- By Kitchen Theatre
- Entertainment
BIG HEAD revisits the treatment of Japanese Americans during World War II and considers current-day treatment of those perceived as "the enemy" now, including Muslim Americans, Arab Americans, and South Asian Americans. A work that has been in the making since early 2001, this poetic, interdisciplinary performance offers up letters from Rohwer Internment Camp in Arkansas, responds to recent hate crimes and imprisonments, and considers the coalition-building between these various communities during times of crisis. A non-linear montage of images, clay animation, movement, and text, Big Head evokes the mysteriously winding path of collective memory and how we interpret our past to provide hope for the future.
BIG HEAD has been performed to excellent reviews in Los Angeles and New York City. The LA Times describes Uyehara as "a virtual conflation of Laurie Anderson and Myoshi Umeki" who "addresses imperiled democracy in the present war-shrouded landscape... [with] her signature fusion of impish humor, sober recollection and kinetic self-commentary." The LA Weekly called the piece "powerful, compelling, potent and deeply chilling." BIG HEAD was selected for performance at the National Asian American Theater Festival in New York City in June 2007.
Denise Uyehara is an interdisciplinary performance artist/writer/playwright whose work has been presented across the United States (the Walker Art Center, Los Angeles County Museum of Art, Highways Performance Space), and internationally (the Institute for Contemporary Art in London, the Kiasma Museum in Helsinki, Dokkyo Performance Studies Conference and the Morishita Studio in Tokyo, the Fourth World Conference on Women, Beijing, Women in View Festival in Vancouver). She was a founding member of the Sacred Naked Nature Girls, an all female, multi-ethnic, experimental performance collective that made waves, beginning with their first, all-nude, performance piece in 1994.

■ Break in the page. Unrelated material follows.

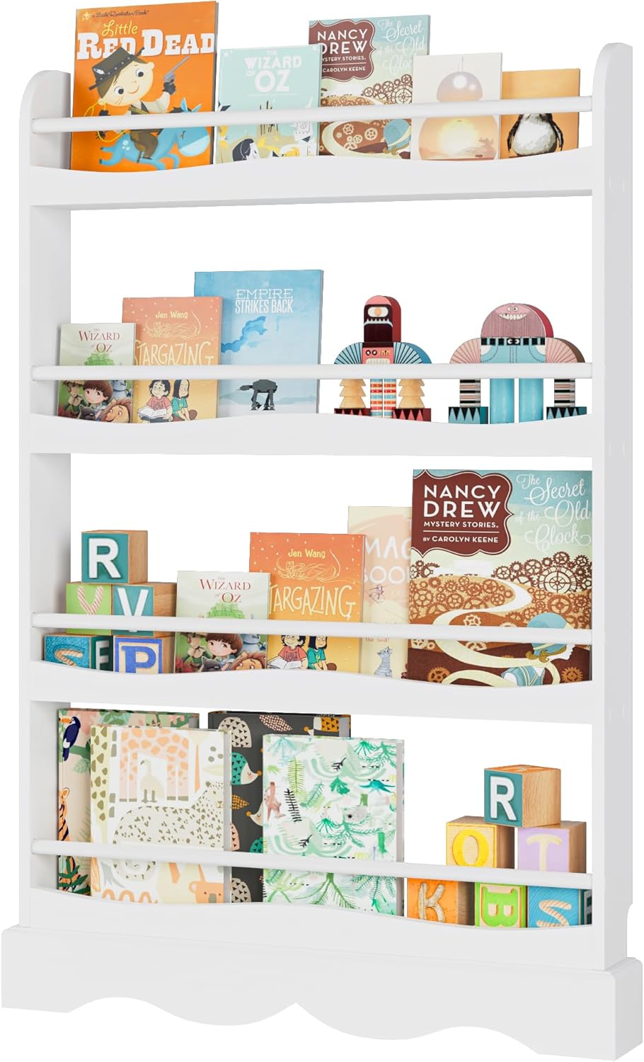 Cette bibliothèque Montessori propose quatre niveaux de rangement ouverts, idéaux pour les livres, les jouets, les poupées ou même les petites plantes en pot. Les bords ondulés et surélevés préviennent tout glissement, garantissant ainsi la sécurité des petits utilisateurs. De plus, son dispositif anti-dumping assure une stabilité inégalée, minimisant les risques d’accidents.

The recipient of numerous awards, Uyehara recently received a fellowship from the Asian Cultural Council, a California Civil Liberties Public Education Program grant, and was a Poets & Writers 'Writer on Site' at the Los Angeles County Museum of Art and Beyond Baroque Literary Center. Uyehara teaches workshops in the community and has taught performance for the Dept. of World Arts & Cultures at University of California, Los Angeles (UCLA), and for the Depts. of Asian American Studies and Studio Arts at the University of California, Irvine (UCI).